Medicare’s use of the “coverage with evidence development” (CED) policy, which denies coverage for FDA-approved treatments unless provided through specific clinical studies, disproportionately affects older people with early Alzheimer’s in rural areas and communities of color. This regulatory tool, initially intended to expedite access to medical device treatments, is now being used to ration care for seniors. The misuse of CED not only delays access to treatments for conditions that disproportionately affect minority populations, such as sickle cell anemia and colorectal cancer, but also exacerbates health disparities. Patients of color are underrepresented in clinical studies for CED-designated treatments, further perpetuating inequities.
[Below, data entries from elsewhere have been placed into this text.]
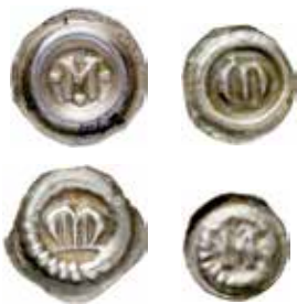
2a–d. Fyra av Magnus Ladulås utgivna M-brakteater i Svealand och Götaland, övre raden med slät ring, undre raden med strålring.

De svenska kungarna utgav flera mynttyper i både Svealand och Götaland under första hälften av 1200-talet. Tabell 1 . Brakteaterna i Svealand och Götaland har sina egna karaktäristiska stilar, men inom varje valutaområde skiljer sig typerna åt genom huvudmotivet. Som Tabell 1 visar så skiljer sig antalet typer per tidsperiod över tid och region. Årliga myntindragningar skulle till exempel ha kunnat ske under Johan Sverkersson och Knut Långe i Svealand. Under Erik Eriksson präglades fler typer i Götaland (åtta) än i Svealand (sex). Noterbart är att två utgåvor har samma motiv i båda områdena: en fågel och ett krönt huvud. Kjell Holmberg (1995) har föreslagit en kronologisk ordning av Erik Erikssons typer, vilket indikerar periodiska myntindragningar.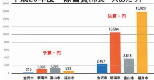
平成29年度 除雪費(市民一人あたり)

常設排雪場を県・市合わせ 12 カ所確保し、大雪時は学校施設や大規模公園等を臨時排雪場として開設する。国・県・事業者・市民と力を合わせ、市としてなし得る限りの施策に取り組んでいく。 (市長)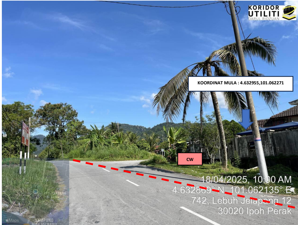
LOKASI KOORDINAT MULA KOREKAN TERBUKA DI JALAN TOKONG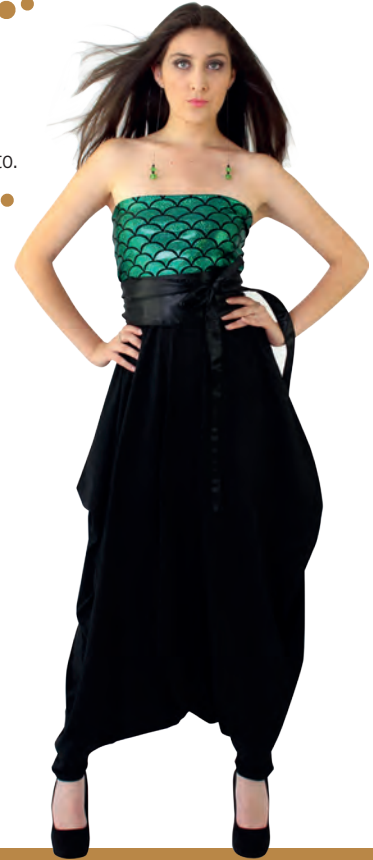
Enterito con cinto.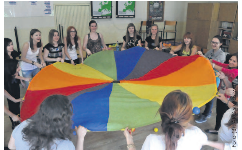
Podczas kursu dla animatorów czasu wolnego.

Uczestnicy projektu otrzymali również dostęp do platformy e-learningowej, która pozwala na uzupełnienie braków wiedzy z poszczególnych przedmiotów, poszerzenie posiadanej wiedzy oraz przygotowanie się do matury. Do tej pory z tej formy wsparcia skorzystało 79 uczniów.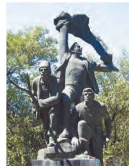
Памятник Татарбунарскому восстанию

Несколько часов провел Пушкин в Татарбунарах, сопровождая И. П. Липранди в его служебной поездке по Буджаку. Пушкин и Липранди прибыли в небольшой, но уже вполне состоявшийся и пристойный по тем временам городок. Важно то, что Пушкин видел и развалины бани, и «фонтан», скорее всего знал татарбунарскую и аккерманскую версии помянутой легенды.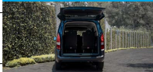
La más espaciosa del Segmento VOLUMEN DE HASTA 4,000L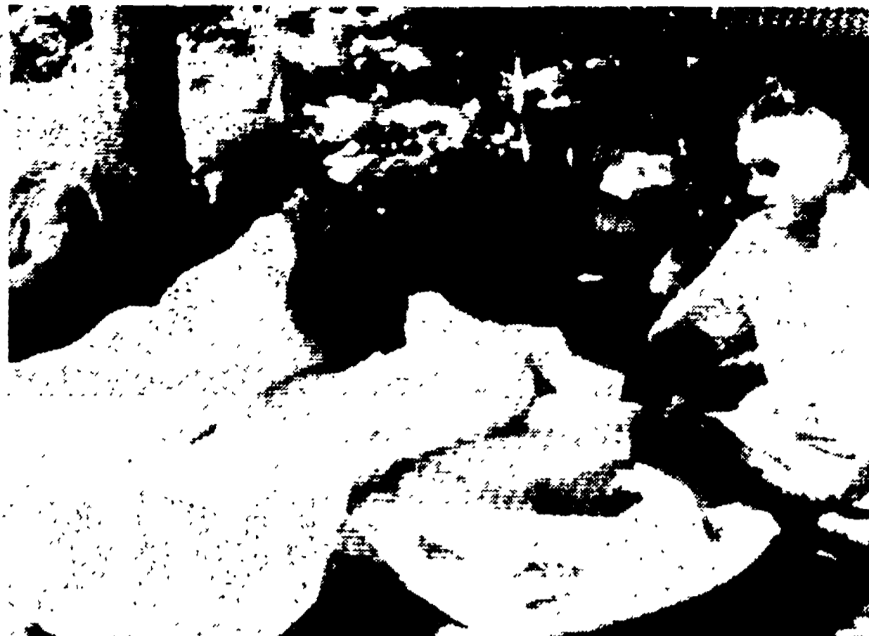
ISTANBUL — Nelle città e nei villaggi distrutti dal terremoto i superstiti vegliano in lacrime, nel desolato panorama di macerie, i propri morti. Nelle telefoto: drammatiche immagini delle zone più colpite.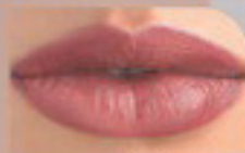
15040 Солнечный Ягодный

Маленькие модели: Пыльца – стимулятор объема естественный цвет 15067 Страстный Бордовый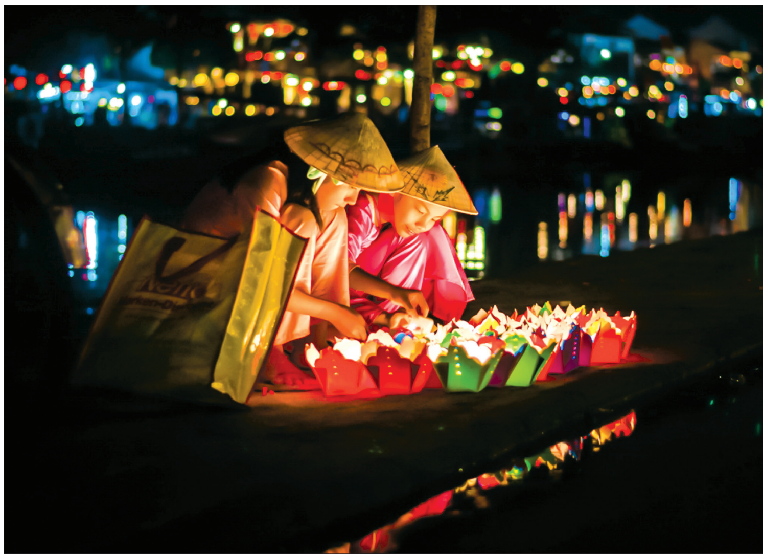
Thả hoa đăng trong lễ Vu Lan.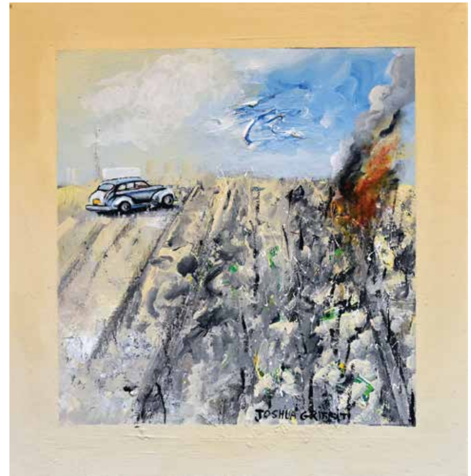
Joshua Griffit, Field in the South , 2019 יהושע גריפית, "שדה בדרום", 2019 Acrylic on plywood אקריליק על דיקט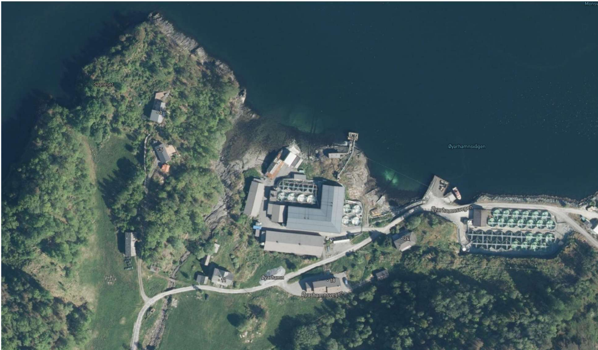
Figur 3 Flyfoto av settefiskanlegget, samt fritidsbustader og våningshus.

Øyarhamn ligg nord på Varaldsøy i Kvinnherad kommune. Øya består av både fritidsbustader og einebustader. Nord på Varaldsøy ligg settefiskanlegget til Mowi avd. Kvinnherad. Egedomen ved settefiskanlegget er i stor grad nedbygd, og ikkje tilgjengeleg for ålmenta, forutan ein kommunal veg til området. Som følge av ei utviding av anlegget vart to eldre naust demontert og lagra, med hensikt om å sette dei opp at i nærområdet. Det er naust nr. 2 som no skal settast opp at.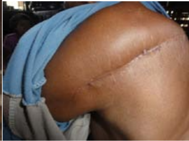
ပုံ (၂) - ဦး****၏ ပခုံးမှဒဏ်ရာ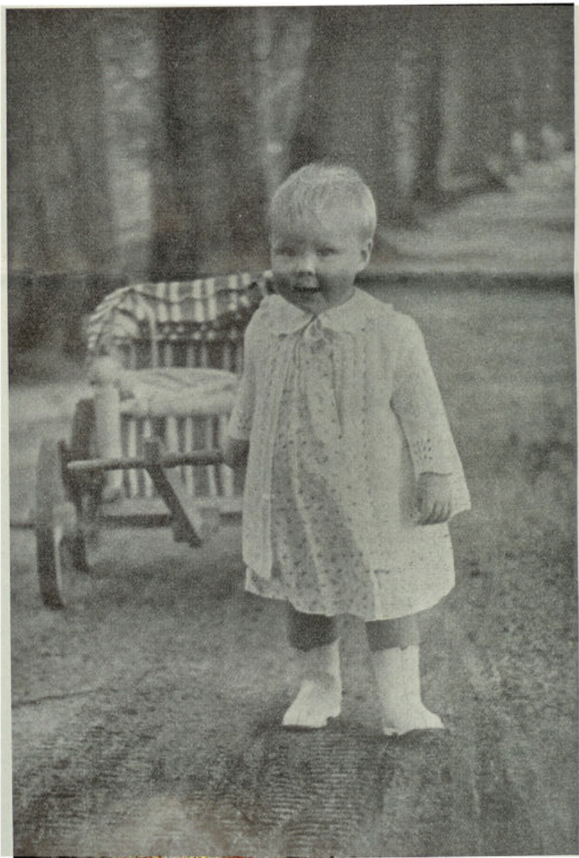
31 Januari 1940

Datzelfde zeggen wij van onze prinses Beatrix!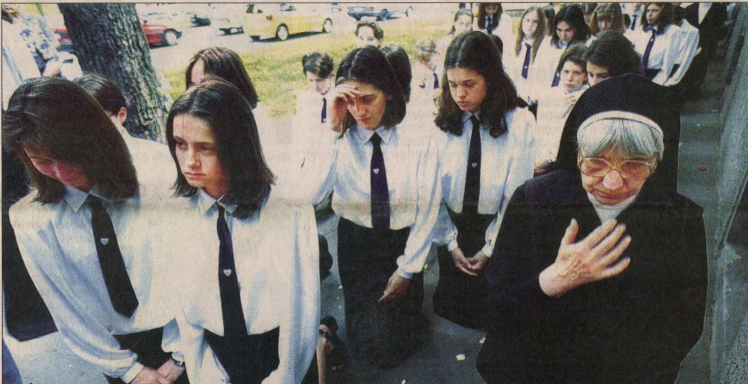
Ürnap körmenet vonult végig Debrecen belvárosában vasárnap délelőtt. A Szent Anna római katolikus székesegyház látványos rituáléján a gyülekezet több száz tagja vett részt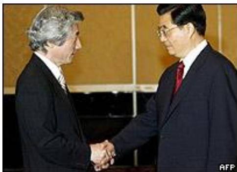
Кто кого перехитрит? Восточная дипломатия в действии.

После встречи Коидзуми сказал журналистам, что остался очень доволен результатами переговоров. В свою очередь Ху Цзинь-тао высказал пожелание, чтобы две ведущие страны региона решали все вопросы посредством диалога.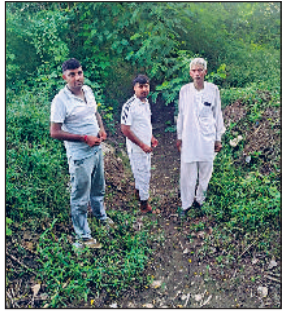
तोशाम। माइनर में पानी न पहुंचने के बाद झाड़िया दिखाते किसान।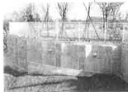
親杭パネル壁工法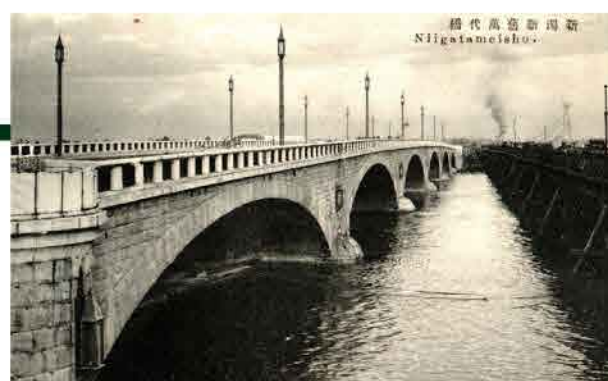
二代目萬代橋の隣に新しく架けられた三代目萬代橋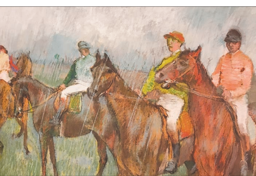
إحدى اللوحات المعروضة

كان ديغا شغوفا بحضور عروض البالية، مثل غيره من الباريسيين في ذلك الوقت، عام 1885 فقط حضر 54 عرضاً للبالية، فقد كان يبنه قريبا من مقتنيات متحف بيريل.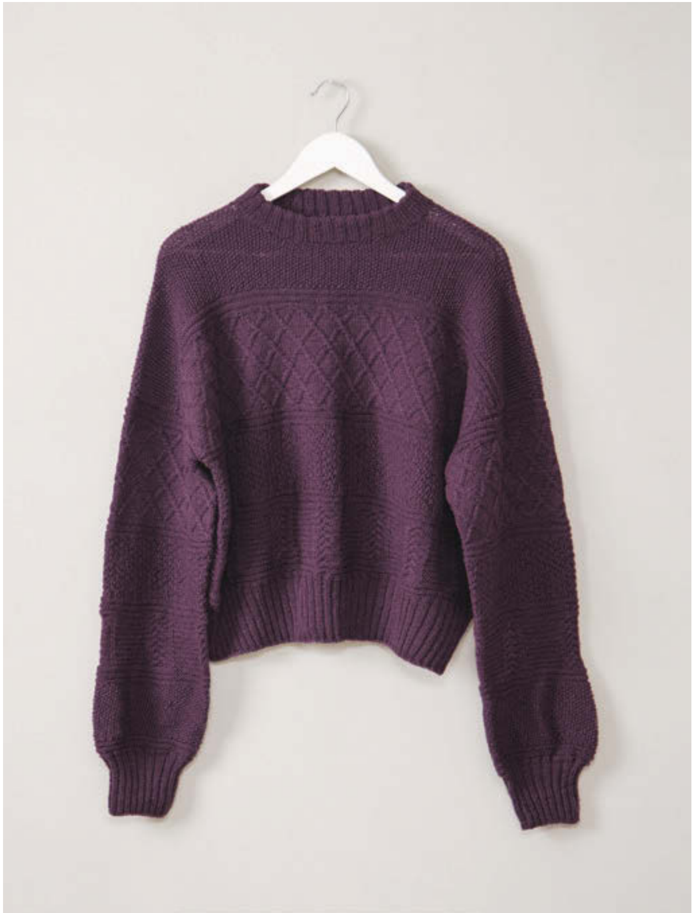
13_ GUERNSEY GENSER •••• / XS-5XL / TYNN PEER GYNT / STRIKKEFASTHET 27/10 / PINNE 3 / OVENFRA OG NED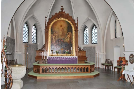
Koret med gravstenar, dopfont och altarupsats.

(Virginia Mercury 5/17/23)

Healthcare system braces for change with the end of the PHE

The Biden administration has announced that the COVID-19 Public Health Emergency (PHE) officially ended on May 11, 2023. The PHE declaration, which provided regulatory flexibilities for the healthcare industry during the pandemic, will now come to an end, requiring organizations to make significant changes as regulatory enforcement returns to status quo. One key area of impact is reimbursement changes for hospitals. The wind down of blanket waivers affecting hospitals’ operations and reimbursement will be triggered by the end of the PHE. Some waivers ended on May 11 and other waivers that may remain in effect through December 31, 2023 or beyond. Understanding these changes is crucial for hospitals to prepare for upcoming reimbursement changes. Home health agencies and hospices, as hands-on care providers, benefited from Medicare program regulatory flexibilities during the PHE. However, as the PHE ends, they will face significant changes in reimbursement, particularly as telehealth regulations revert to pre-COVID-19 status. The shift back to pre-pandemic reimbursement models and regulations will require adaptation and adjustment for these providers.

(Morgan Lewis 5/10/23)

 

The Simbex Regulatory and Reimbursement Recap is a monthly briefing for news in the regulatory and healthcare reimbursement space relevant to Simbex areas of expertise. The briefing is curated by Amaris Ajamil, PhD, RAC, Simbex Director, Quality and Regulatory, and Angela Smalley, PhD, Simbex Senior Product Consultant.  A story’s inclusion does not imply endorsement by Simbex.